125 Ark. 199 | Ark. | 1916
(after stating the facts). The letters constituted. the contract between the parties. It was the duty of the court to cohstrue it and declare its terms to the jury. Mann v. Urquhart, 89 Ark. 239 The letter of appellants to appellee’s agent, John J. Wolf, was an offer on the part of the appellants to accept the goods that were then in storage at the depot, provided the appellee would pay the storage and would give the appellants ten months from the date of the letter to pay for the goods. Wolf’s answer to this letter, of July 6, 1913, was an acceptance of appellants’ offer, for in that letter Wolf instructed appellants to take the goods out of the freight depot and pay the charges, and notified appellants that appellee would promptly arrange terms to appellants’ satisfaction. Wolf sent the letter to his principal, the appellee, and it wrote the letter of July 30, 1913, in which it ratified what its agent had done by stating, “If Mr.
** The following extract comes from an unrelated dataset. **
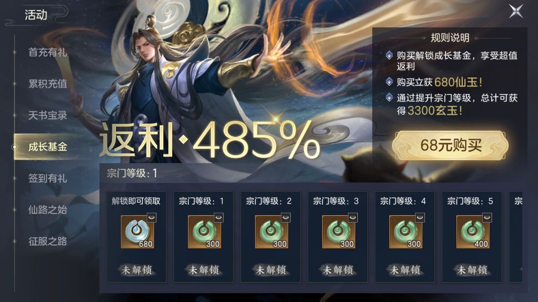购买成长基金立获大量仙玉,还可享受超值返利!且每次提升宗门等级均可获得玄玉,宗门等级提升至9级累积可获得超值返利!(仙玉可1:1兑换为玄玉)

Wolf has tacitly agreed-to your terms we will abide by the agreement if you insist upon it,” and by further stating “If it is necessary to wait ten months for our money from you we will mark your account accordingly and settle down for the long wait.” It is true this letter of appellee made appellants a different proposition as to the time of payment, and recommended that appellants accept such proposition instead of the one they had made to appellee. But, at the same time, appellee notified appellants that if the proposition made by it was not satisfactory appellee would ratify the act of its agent and accept the offer of appellants in accordance with' the terms proposed by them.
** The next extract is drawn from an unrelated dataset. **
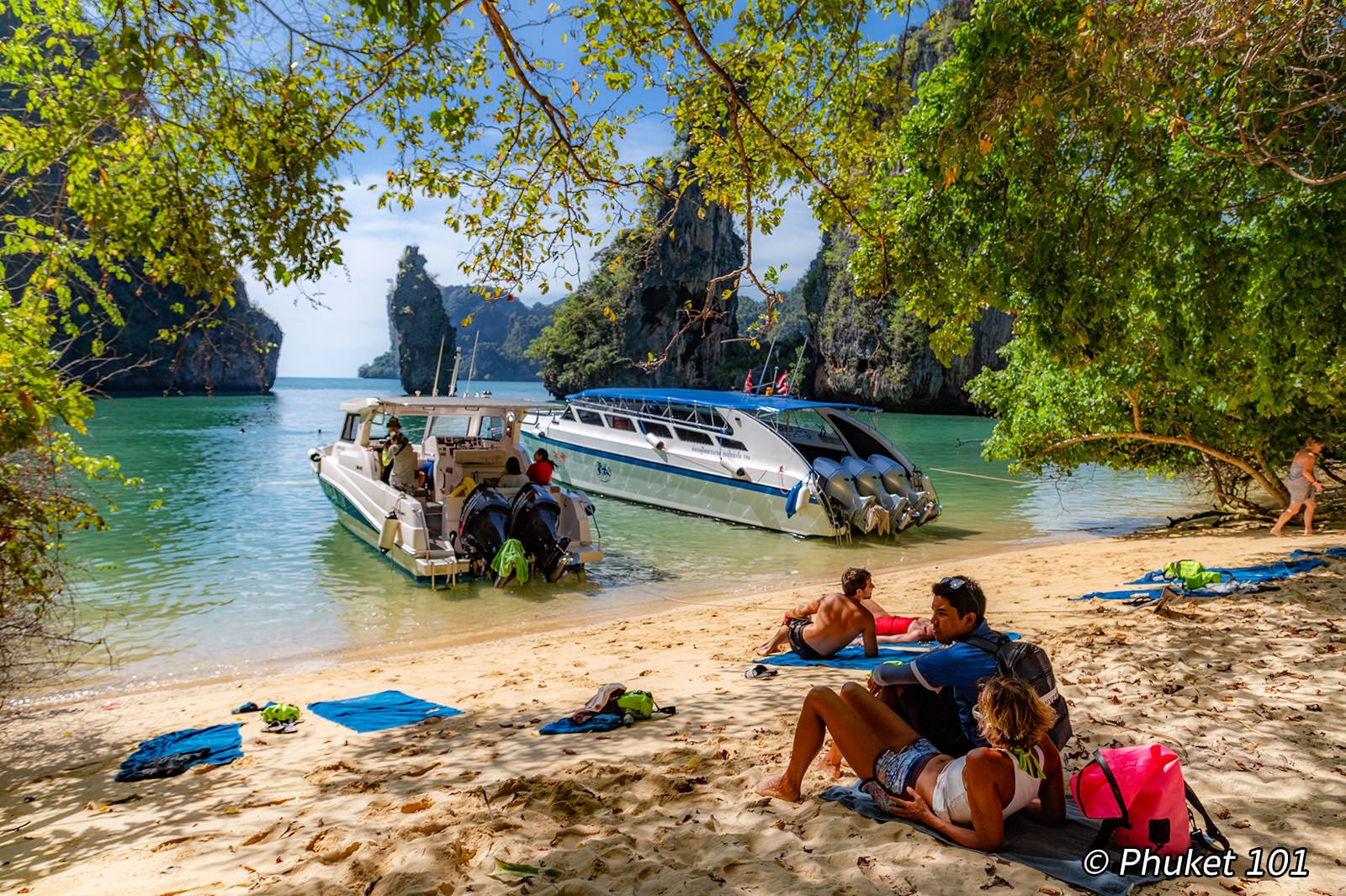 Three limestone pinnacles rise straight out of the water just offshore. They’re the island’s signature view, visible from the beach through a frame of overhanging branches. Speedboats anchor right on the sand, and you step off into knee-deep water.

In 11 Enc. of Ev., p. 507, it is stated: “If the evidence shows an acceptance in accordance with the terms of the offer, but accompanied with a request to modify them, such request constitutes no evidence of a conditional acceptance.”
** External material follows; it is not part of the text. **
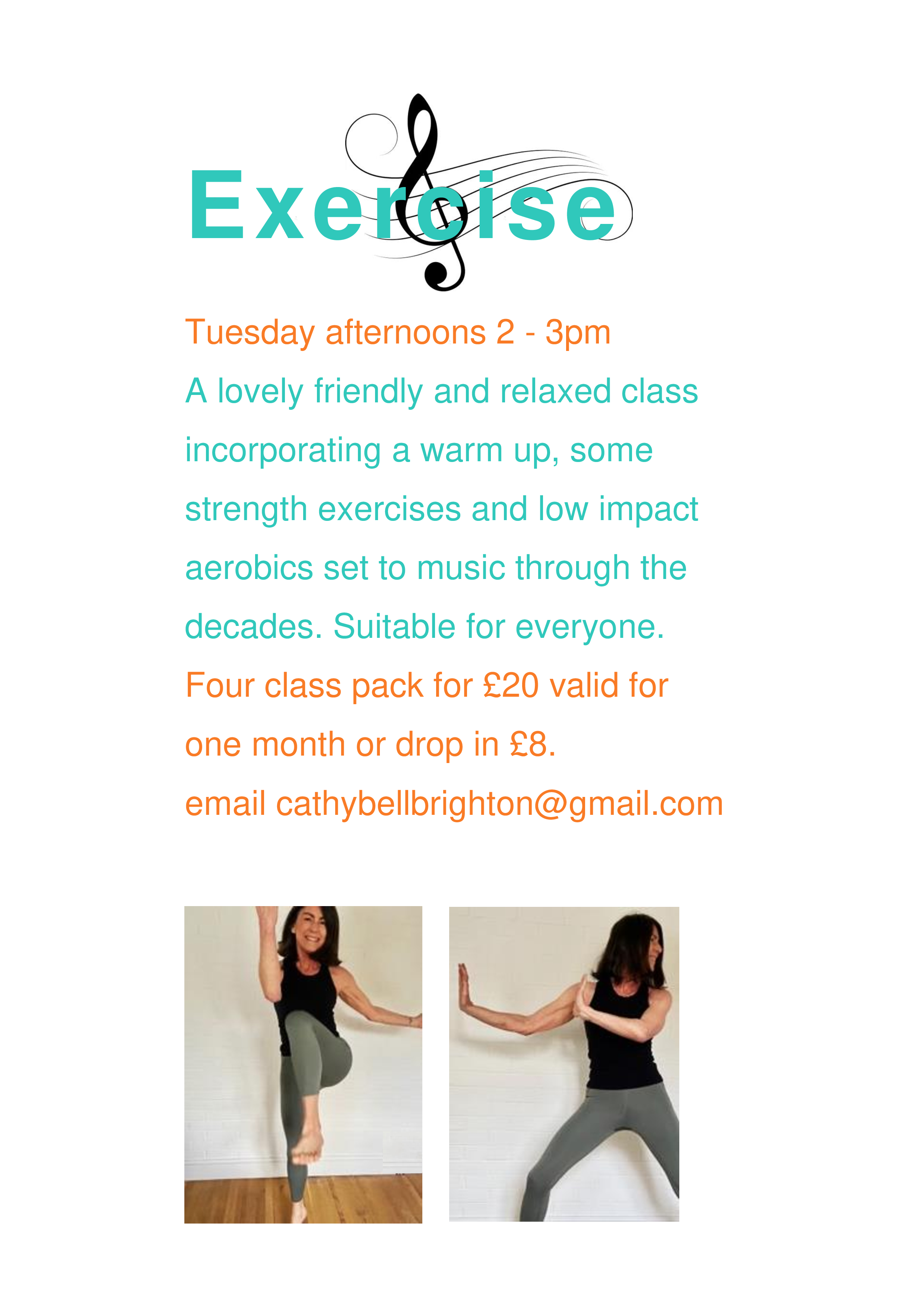 Exercise to Music (all ages) – Cathy, cathybellbrighton@gmail.com Tue: 2.00pm-3.00pm drop-in, £8 or £20 for 4 classes, valid for one month.

Appellee’s letter of acceptance was unconditional. It simply suggested a cash payment for appellants’ consideration and left the matter optional with appellants as to whether they would adopt the cash payment at a discount rather than the terms proposed by them, but at the same time, as we have stated, definitely declaring to appellants that appellees would wait ten months as proposed by appellants, if necessary.
In 6 R. C. L., p. 609, it is'said: “From the rule that the acceptance must be unconditional, it must not be inferred that the mere mention, in the letter of acceptance, of matters upon which the acceptance of the proposition does not depend prevents the contract from being completed.” See also Id. 605.
The court correctly construed the contract. There was no error in instructing the jury to return a verdict in favor of the appellee. The judgment is therefore affirmed.